● **What the exercise asks**:
When copying the data below, keep only the lines from the one with "叶的画法:笔调汁绿蘸花青(或墨)写出,也可用浓、淡墨色勾写。" through the one with "第二天一早,便乘火车来到威尼", word for word, and skip the pictures.

Items from a data source:
=== Section Start ===
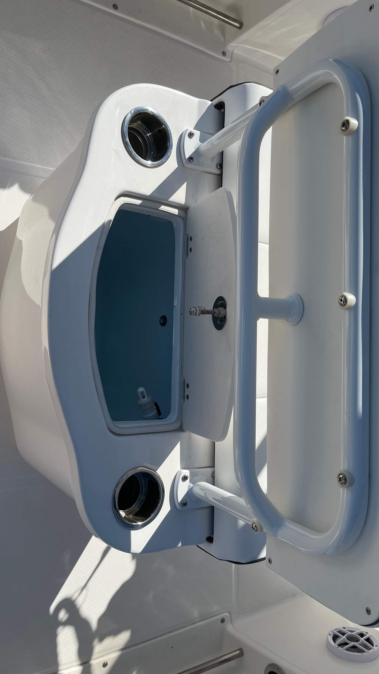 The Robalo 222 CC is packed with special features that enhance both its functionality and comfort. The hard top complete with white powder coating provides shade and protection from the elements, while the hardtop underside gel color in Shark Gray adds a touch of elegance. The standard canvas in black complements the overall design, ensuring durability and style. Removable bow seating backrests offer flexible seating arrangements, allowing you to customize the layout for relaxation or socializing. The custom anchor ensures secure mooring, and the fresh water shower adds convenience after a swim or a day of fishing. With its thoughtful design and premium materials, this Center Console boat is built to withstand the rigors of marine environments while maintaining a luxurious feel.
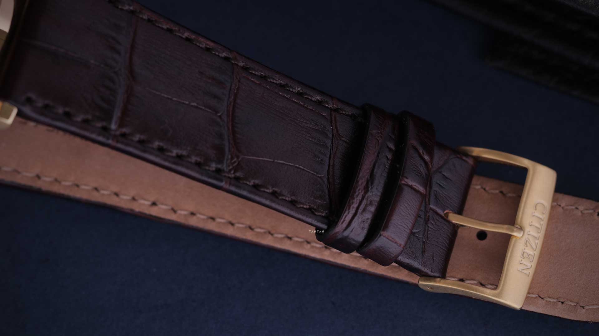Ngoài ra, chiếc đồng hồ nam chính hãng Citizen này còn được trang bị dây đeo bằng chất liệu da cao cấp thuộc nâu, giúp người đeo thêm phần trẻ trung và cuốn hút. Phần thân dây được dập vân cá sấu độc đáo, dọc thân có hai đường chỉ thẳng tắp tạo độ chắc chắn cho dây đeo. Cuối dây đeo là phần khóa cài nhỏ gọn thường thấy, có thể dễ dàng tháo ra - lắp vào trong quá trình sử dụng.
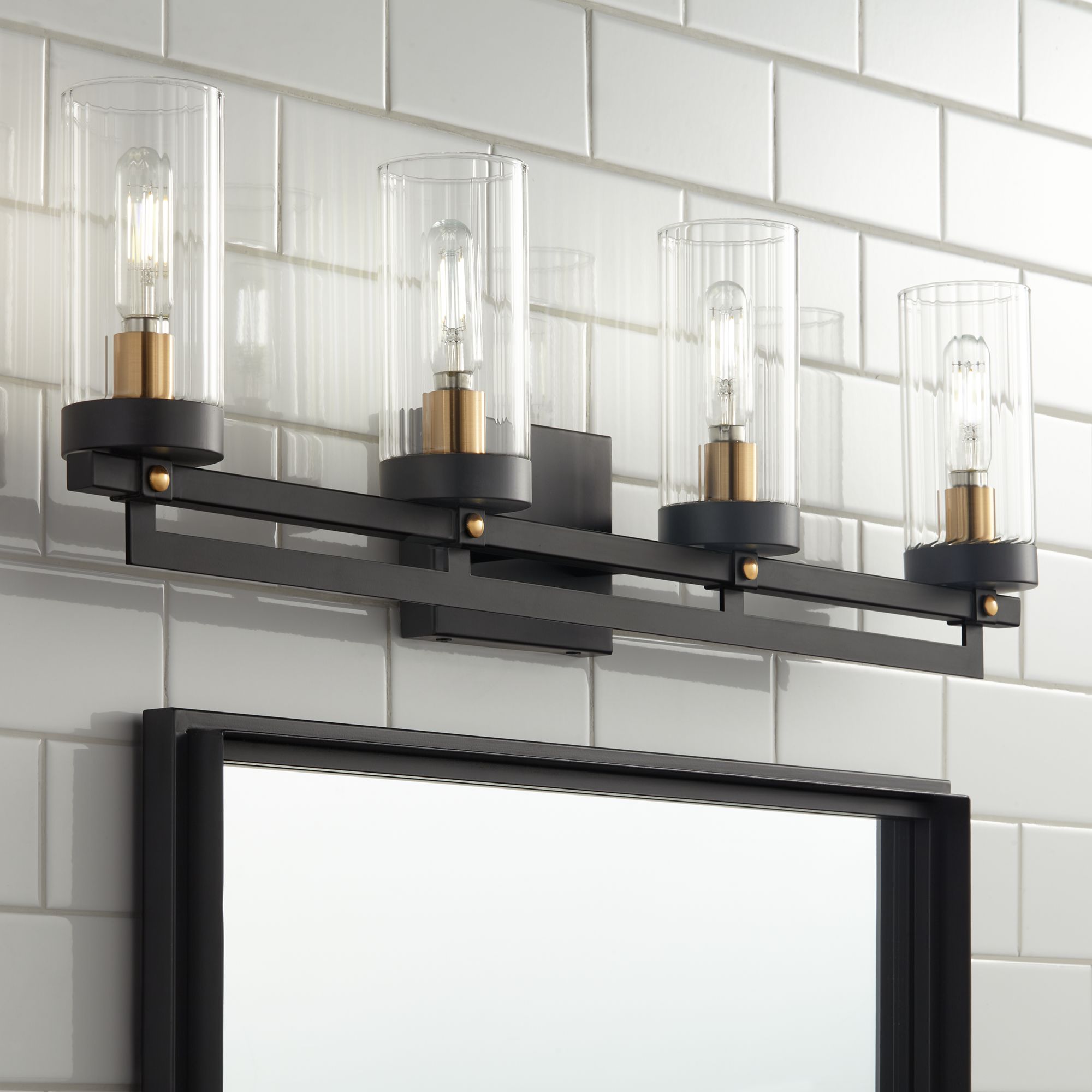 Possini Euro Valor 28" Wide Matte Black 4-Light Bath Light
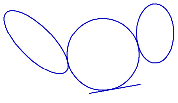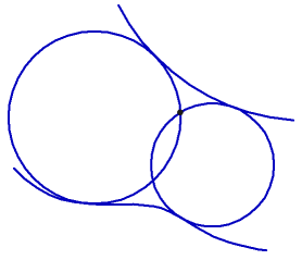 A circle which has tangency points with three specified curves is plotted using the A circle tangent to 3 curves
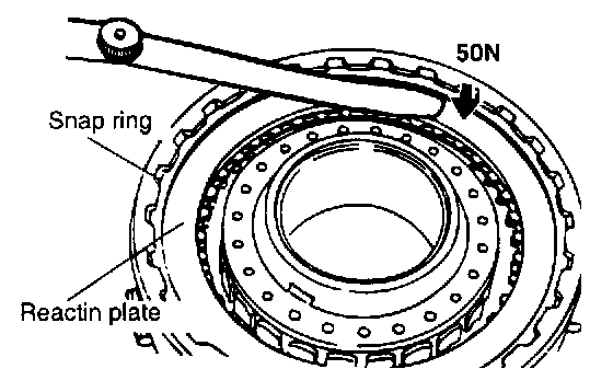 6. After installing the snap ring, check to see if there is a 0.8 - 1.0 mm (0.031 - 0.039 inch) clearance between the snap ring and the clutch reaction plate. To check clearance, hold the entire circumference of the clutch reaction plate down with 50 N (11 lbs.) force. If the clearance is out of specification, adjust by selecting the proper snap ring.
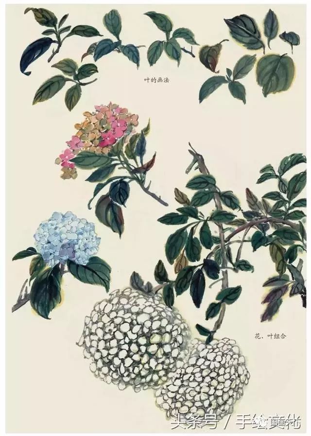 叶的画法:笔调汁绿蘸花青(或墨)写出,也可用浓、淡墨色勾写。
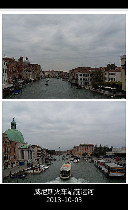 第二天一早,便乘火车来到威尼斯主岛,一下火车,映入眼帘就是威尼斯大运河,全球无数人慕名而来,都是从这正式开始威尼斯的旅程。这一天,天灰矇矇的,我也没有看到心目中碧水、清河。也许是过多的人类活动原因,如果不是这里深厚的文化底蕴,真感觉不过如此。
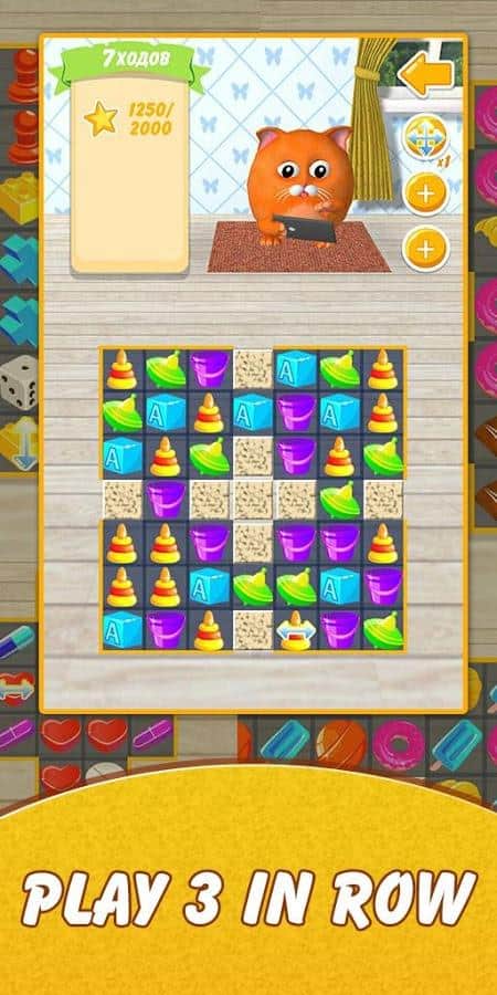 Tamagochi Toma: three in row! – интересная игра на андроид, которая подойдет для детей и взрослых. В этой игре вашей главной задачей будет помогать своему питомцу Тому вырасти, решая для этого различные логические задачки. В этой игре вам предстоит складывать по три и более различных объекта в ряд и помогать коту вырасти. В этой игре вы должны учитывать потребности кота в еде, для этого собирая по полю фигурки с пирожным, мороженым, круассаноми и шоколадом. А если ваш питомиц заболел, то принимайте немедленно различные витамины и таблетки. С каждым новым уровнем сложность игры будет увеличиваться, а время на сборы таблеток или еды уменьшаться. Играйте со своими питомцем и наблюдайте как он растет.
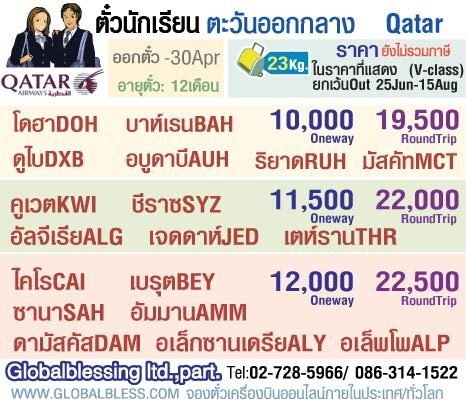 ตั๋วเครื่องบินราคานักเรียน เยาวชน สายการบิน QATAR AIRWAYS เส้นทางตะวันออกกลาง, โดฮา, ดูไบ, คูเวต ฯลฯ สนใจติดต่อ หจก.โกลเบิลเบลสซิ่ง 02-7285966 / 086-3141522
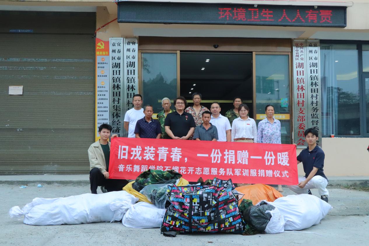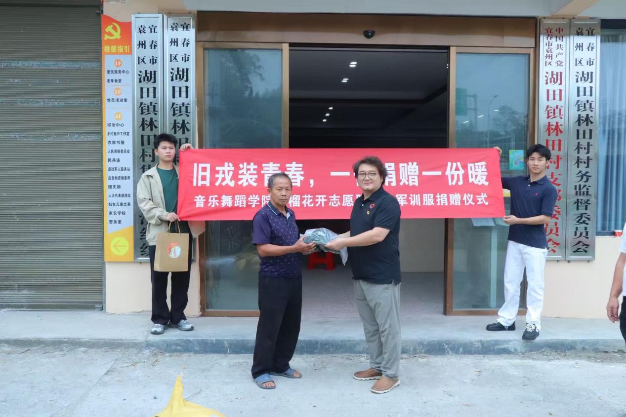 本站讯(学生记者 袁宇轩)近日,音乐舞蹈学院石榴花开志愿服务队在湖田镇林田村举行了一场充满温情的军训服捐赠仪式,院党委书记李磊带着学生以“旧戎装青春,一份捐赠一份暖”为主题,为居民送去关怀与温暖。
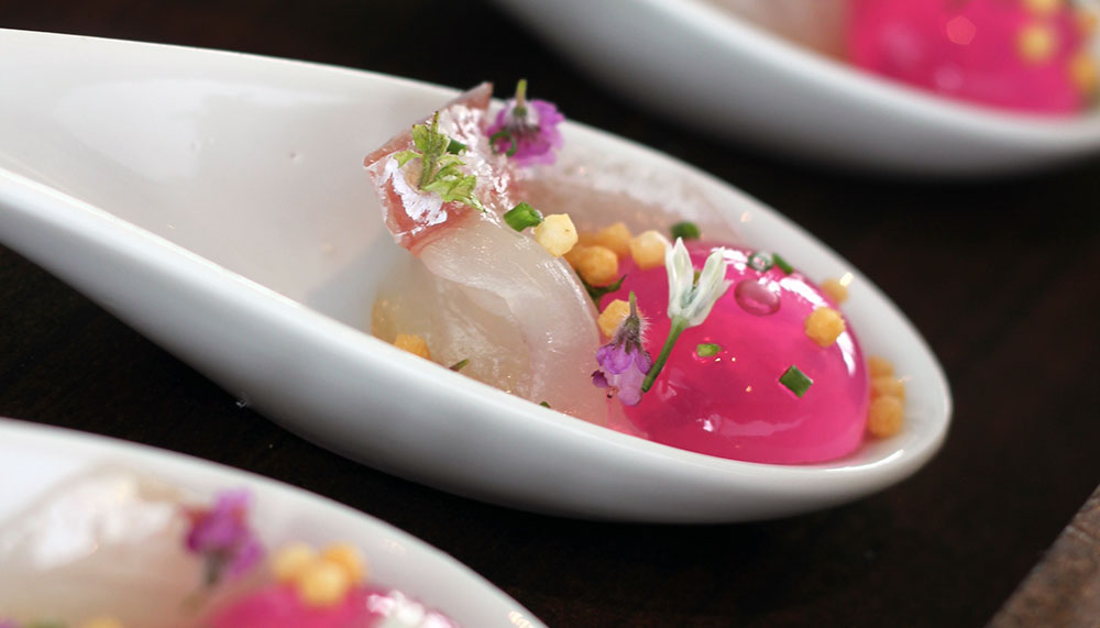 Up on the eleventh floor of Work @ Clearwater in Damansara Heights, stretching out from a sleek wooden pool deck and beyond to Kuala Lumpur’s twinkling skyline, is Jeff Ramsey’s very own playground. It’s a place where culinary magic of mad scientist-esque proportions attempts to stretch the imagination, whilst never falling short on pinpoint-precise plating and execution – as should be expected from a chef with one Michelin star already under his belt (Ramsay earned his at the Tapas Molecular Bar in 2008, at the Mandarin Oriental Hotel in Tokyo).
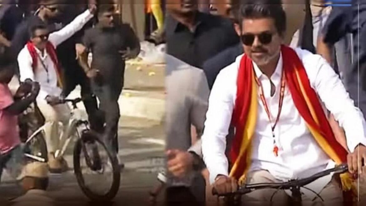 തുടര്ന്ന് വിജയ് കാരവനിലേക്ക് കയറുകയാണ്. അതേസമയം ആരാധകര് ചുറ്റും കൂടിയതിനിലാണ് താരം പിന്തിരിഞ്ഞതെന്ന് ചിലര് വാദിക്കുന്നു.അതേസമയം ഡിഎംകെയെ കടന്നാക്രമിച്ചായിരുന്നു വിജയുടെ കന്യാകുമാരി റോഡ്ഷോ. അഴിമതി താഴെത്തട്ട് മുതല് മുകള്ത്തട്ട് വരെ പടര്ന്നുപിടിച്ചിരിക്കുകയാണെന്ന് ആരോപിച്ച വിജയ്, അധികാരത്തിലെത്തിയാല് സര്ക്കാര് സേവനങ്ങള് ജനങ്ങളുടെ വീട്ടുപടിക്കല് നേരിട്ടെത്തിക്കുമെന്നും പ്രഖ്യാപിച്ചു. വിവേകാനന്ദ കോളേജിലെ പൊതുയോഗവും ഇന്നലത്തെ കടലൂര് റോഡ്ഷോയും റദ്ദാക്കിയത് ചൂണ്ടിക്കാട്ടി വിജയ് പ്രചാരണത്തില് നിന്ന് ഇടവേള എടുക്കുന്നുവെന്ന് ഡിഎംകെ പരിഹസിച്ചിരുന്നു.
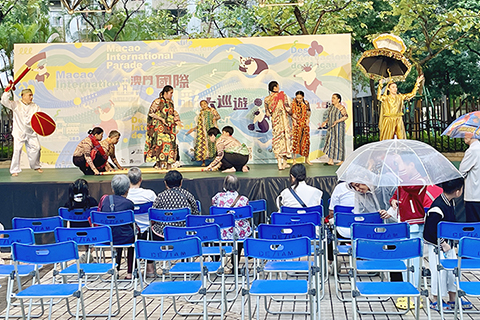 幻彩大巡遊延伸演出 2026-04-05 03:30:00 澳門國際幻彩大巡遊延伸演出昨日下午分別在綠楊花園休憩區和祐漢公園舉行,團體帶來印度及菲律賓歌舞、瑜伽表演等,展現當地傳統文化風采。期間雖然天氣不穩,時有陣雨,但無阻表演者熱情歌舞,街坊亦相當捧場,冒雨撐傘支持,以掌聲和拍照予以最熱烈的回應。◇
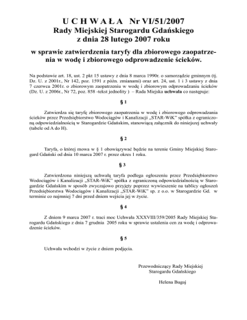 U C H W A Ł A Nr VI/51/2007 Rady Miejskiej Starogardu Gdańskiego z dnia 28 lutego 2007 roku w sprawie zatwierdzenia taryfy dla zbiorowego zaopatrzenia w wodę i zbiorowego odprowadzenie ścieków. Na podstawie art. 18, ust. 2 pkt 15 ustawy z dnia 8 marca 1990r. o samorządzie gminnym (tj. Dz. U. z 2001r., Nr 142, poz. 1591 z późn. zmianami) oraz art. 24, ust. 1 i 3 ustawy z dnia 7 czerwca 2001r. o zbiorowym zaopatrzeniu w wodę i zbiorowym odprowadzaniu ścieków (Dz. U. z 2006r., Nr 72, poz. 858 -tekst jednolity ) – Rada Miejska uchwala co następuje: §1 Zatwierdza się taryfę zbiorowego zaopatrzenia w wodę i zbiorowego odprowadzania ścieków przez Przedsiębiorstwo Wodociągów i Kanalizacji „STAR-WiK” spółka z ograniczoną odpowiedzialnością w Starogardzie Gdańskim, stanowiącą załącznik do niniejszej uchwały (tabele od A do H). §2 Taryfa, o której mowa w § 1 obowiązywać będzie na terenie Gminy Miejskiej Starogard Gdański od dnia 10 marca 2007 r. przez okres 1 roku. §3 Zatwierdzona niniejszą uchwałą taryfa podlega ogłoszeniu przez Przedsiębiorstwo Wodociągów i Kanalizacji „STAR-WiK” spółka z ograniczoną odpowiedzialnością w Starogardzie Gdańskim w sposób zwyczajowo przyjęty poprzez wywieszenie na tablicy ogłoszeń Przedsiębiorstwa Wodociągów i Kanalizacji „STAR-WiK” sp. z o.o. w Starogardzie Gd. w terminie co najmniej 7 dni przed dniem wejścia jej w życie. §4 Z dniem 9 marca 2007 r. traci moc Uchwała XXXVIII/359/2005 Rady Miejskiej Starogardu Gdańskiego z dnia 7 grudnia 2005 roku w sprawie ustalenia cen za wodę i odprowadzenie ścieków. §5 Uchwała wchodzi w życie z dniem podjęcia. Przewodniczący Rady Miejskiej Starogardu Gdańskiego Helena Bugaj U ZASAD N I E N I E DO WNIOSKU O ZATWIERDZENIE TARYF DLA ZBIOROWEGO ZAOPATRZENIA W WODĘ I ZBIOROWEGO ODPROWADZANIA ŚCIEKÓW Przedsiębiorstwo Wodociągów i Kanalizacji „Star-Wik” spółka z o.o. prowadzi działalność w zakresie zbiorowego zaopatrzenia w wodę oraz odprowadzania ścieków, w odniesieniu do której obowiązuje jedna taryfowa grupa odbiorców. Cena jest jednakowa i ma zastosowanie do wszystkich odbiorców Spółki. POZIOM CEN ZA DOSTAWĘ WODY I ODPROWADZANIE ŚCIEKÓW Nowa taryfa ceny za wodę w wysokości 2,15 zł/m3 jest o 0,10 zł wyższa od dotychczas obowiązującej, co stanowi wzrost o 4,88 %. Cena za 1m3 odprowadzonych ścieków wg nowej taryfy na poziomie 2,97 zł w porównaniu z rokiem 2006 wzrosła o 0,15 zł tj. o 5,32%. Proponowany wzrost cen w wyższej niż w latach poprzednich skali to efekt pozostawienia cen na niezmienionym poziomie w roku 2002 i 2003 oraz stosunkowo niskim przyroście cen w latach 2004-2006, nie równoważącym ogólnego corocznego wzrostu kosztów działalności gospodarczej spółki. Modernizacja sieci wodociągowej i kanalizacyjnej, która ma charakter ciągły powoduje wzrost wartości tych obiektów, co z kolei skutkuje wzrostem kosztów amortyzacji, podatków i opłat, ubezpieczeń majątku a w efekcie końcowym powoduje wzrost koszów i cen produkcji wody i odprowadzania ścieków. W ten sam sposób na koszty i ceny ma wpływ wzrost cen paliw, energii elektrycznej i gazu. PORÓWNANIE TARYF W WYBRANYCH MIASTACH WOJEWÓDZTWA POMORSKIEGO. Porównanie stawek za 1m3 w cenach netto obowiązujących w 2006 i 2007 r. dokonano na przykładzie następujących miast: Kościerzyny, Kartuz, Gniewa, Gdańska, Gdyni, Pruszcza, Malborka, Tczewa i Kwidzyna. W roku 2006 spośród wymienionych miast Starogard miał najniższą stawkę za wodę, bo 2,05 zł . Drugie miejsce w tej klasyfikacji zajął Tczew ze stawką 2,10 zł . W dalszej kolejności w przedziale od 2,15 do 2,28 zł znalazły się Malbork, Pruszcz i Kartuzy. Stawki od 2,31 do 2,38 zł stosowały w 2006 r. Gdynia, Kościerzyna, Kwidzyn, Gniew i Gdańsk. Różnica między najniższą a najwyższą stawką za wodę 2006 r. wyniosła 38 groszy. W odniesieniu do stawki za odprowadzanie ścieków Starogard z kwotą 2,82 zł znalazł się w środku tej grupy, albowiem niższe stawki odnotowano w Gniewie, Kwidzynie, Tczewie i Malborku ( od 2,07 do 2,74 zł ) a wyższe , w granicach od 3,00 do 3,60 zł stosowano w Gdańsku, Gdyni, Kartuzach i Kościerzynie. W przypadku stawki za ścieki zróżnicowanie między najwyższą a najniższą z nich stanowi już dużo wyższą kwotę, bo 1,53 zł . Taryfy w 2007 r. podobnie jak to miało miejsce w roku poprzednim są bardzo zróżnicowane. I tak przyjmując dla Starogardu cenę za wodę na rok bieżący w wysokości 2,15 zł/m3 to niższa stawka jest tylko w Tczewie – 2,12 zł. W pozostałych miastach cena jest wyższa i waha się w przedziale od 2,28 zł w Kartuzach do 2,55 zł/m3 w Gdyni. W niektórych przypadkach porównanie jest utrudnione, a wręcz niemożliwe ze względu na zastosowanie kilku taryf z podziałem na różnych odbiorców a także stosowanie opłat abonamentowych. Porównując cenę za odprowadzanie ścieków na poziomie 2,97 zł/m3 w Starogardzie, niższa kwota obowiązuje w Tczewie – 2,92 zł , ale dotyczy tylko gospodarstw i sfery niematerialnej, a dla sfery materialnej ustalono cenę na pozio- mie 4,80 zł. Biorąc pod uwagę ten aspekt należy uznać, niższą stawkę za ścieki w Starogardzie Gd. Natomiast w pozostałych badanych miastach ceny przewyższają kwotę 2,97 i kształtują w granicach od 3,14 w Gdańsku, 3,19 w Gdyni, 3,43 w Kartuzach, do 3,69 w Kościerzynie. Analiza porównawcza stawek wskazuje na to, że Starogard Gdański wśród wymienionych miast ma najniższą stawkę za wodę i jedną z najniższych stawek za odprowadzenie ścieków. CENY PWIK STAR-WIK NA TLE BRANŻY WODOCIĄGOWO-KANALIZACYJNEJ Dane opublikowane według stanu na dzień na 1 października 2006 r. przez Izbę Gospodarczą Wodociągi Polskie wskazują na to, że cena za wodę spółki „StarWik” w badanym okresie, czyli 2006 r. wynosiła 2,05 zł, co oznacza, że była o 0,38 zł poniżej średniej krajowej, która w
=== Section End ===
● **Problem solution**:
 叶的画法:笔调汁绿蘸花青(或墨)写出,也可用浓、淡墨色勾写。
 第二天一早,便乘火车来到威尼斯主岛,一下火车,映入眼帘就是威尼斯大运河,全球无数人慕名而来,都是从这正式开始威尼斯的旅程。这一天,天灰矇矇的,我也没有看到心目中碧水、清河。也许是过多的人类活动原因,如果不是这里深厚的文化底蕴,真感觉不过如此。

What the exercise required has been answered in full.